You are correct. In trying to get working, I had changed my test data to see if that works. With this specified as:
library(tidyverse)
library(brms)
#> Loading required package: Rcpp
#> Registered S3 method overwritten by 'xts':
#> method from
#> as.zoo.xts zoo
#> Loading 'brms' package (version 2.8.0). Useful instructions
#> can be found by typing help('brms'). A more detailed introduction
#> to the package is available through vignette('brms_overview').
set.seed(1234)
test <- data.frame(result = c(rpois(500, 0.25), rpois(150, 10)))
test %>%
ggplot() +
geom_bar(aes(x=result))
mix <- mixture(poisson, poisson)
#> Setting order = 'mu' for mixtures of the same family.
prior <- c(
prior(cauchy(0,5), Intercept, dpar = mu1),
prior(normal(0,2), Intercept, dpar = mu2)
)
fit <- brm(bf(result ~ 1),
data = test,
family = mix,
prior = prior,
chains = 1)
#> Compiling the C++ model
#> Start sampling
#>
#> SAMPLING FOR MODEL '46b36408f139ed6444538aceb75a3d47' NOW (CHAIN 1).
#> Chain 1:
#> Chain 1: Gradient evaluation took 0.000296 seconds
#> Chain 1: 1000 transitions using 10 leapfrog steps per transition would take 2.96 seconds.
#> Chain 1: Adjust your expectations accordingly!
#> Chain 1:
#> Chain 1:
#> Chain 1: Iteration: 1 / 2000 [ 0%] (Warmup)
#> Chain 1: Iteration: 200 / 2000 [ 10%] (Warmup)
#> Chain 1: Iteration: 400 / 2000 [ 20%] (Warmup)
#> Chain 1: Iteration: 600 / 2000 [ 30%] (Warmup)
#> Chain 1: Iteration: 800 / 2000 [ 40%] (Warmup)
#> Chain 1: Iteration: 1000 / 2000 [ 50%] (Warmup)
#> Chain 1: Iteration: 1001 / 2000 [ 50%] (Sampling)
#> Chain 1: Iteration: 1200 / 2000 [ 60%] (Sampling)
#> Chain 1: Iteration: 1400 / 2000 [ 70%] (Sampling)
#> Chain 1: Iteration: 1600 / 2000 [ 80%] (Sampling)
#> Chain 1: Iteration: 1800 / 2000 [ 90%] (Sampling)
#> Chain 1: Iteration: 2000 / 2000 [100%] (Sampling)
#> Chain 1:
#> Chain 1: Elapsed Time: 4.23044 seconds (Warm-up)
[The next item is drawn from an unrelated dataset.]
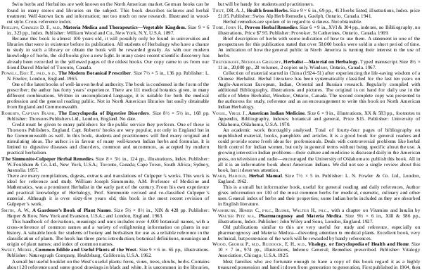 Because this book is almost 100 years old, it will possibly only be found in universities and libraries that were in existence before its publication. All students of Herbalogy who have a chance to study in such a library or obtain the book will be rewarded greatly. As with our modern knowledge of herbs, the old books give a new light. In many cases recent scientific discovery has already been recorded in the yellowed pages of the oldest hooks. Our copy came to us from our friend Darrel Markel of Toronto, Canada.
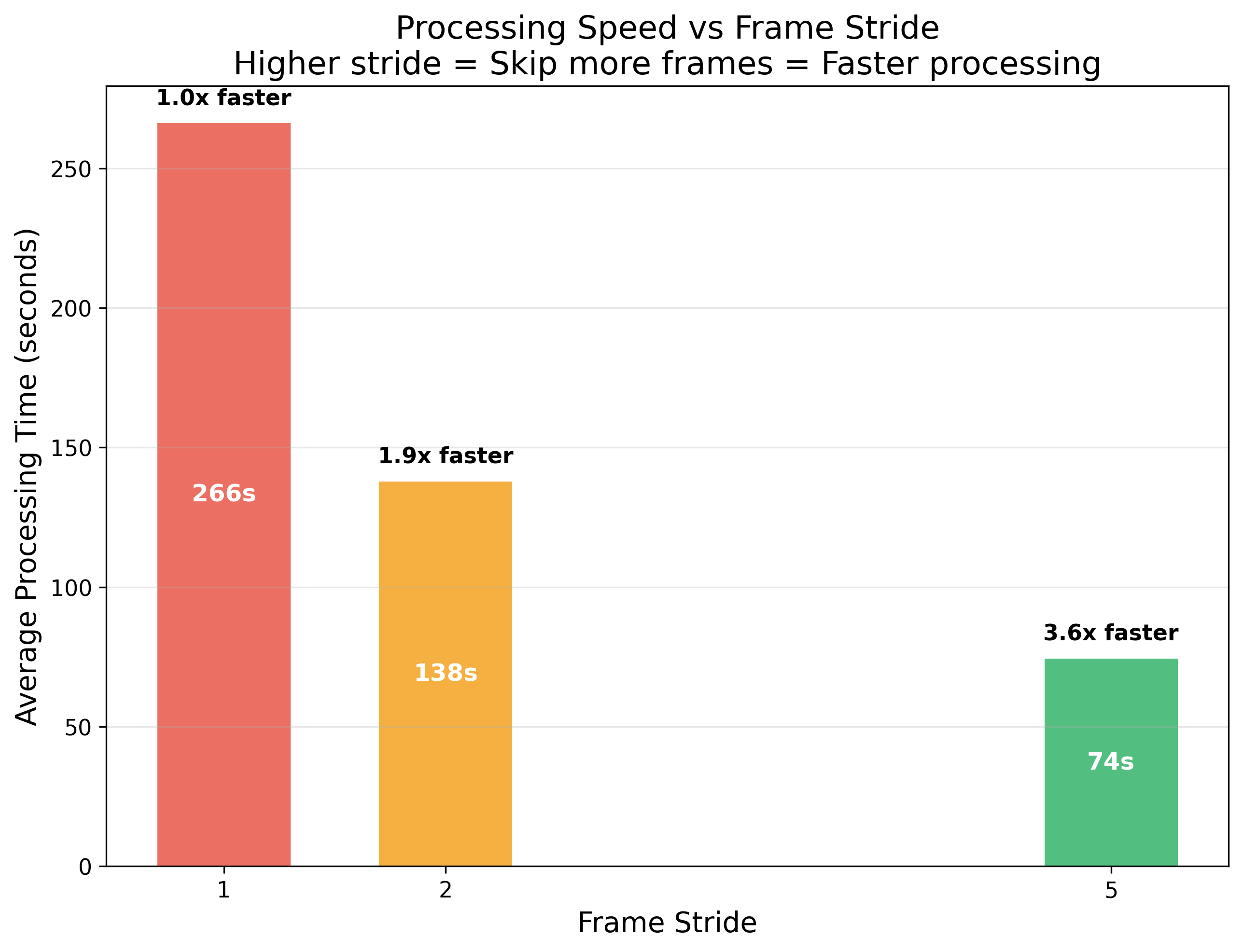 stride=1(every frame): ~4 FPSstride=2(every other frame): ~8 FPS (2x speedup!)stride=5(every 5th frame): ~20 FPS (5x speedup)

#> Chain 1: 3.74466 seconds (Sampling)
#> Chain 1: 7.9751 seconds (Total)
#> Chain 1:
summary(fit)
#> Family: mixture(poisson, poisson)
#> Links: mu1 = log; mu2 = log; theta1 = identity; theta2 = identity
#> Formula: result ~ 1
#> Data: test (Number of observations: 650)
#> Samples: 1 chains, each with iter = 2000; warmup = 1000; thin = 1;
#> total post-warmup samples = 1000
#>
#> Population-Level Effects:
#> Estimate Est.Error l-95% CI u-95% CI Eff.Sample Rhat
#> mu1_Intercept -1.47 0.10 -1.66 -1.29 286 1.00
#> mu2_Intercept 2.26 0.03 2.21 2.31 1060 1.00
#>
#> Family Specific Parameters:
#> Estimate Est.Error l-95% CI u-95% CI Eff.Sample Rhat
#> theta1 0.77 0.02 0.73 0.80 441 1.00
#> theta2 0.23 0.02 0.20 0.27 441 1.00
#>
#> Samples were drawn using sampling(NUTS). For each parameter, Eff.Sample
#> is a crude measure of effective sample size, and Rhat is the potential
#> scale reduction factor on split chains (at convergence, Rhat = 1).
pp_check(fit)
#> Using 10 posterior samples for ppc type 'dens_overlay' by default.
Created on 2019-07-16 by the reprex package (v0.3.0)
This now works. Thanks so much for your help - has really helped my understanding here. Much appreciated.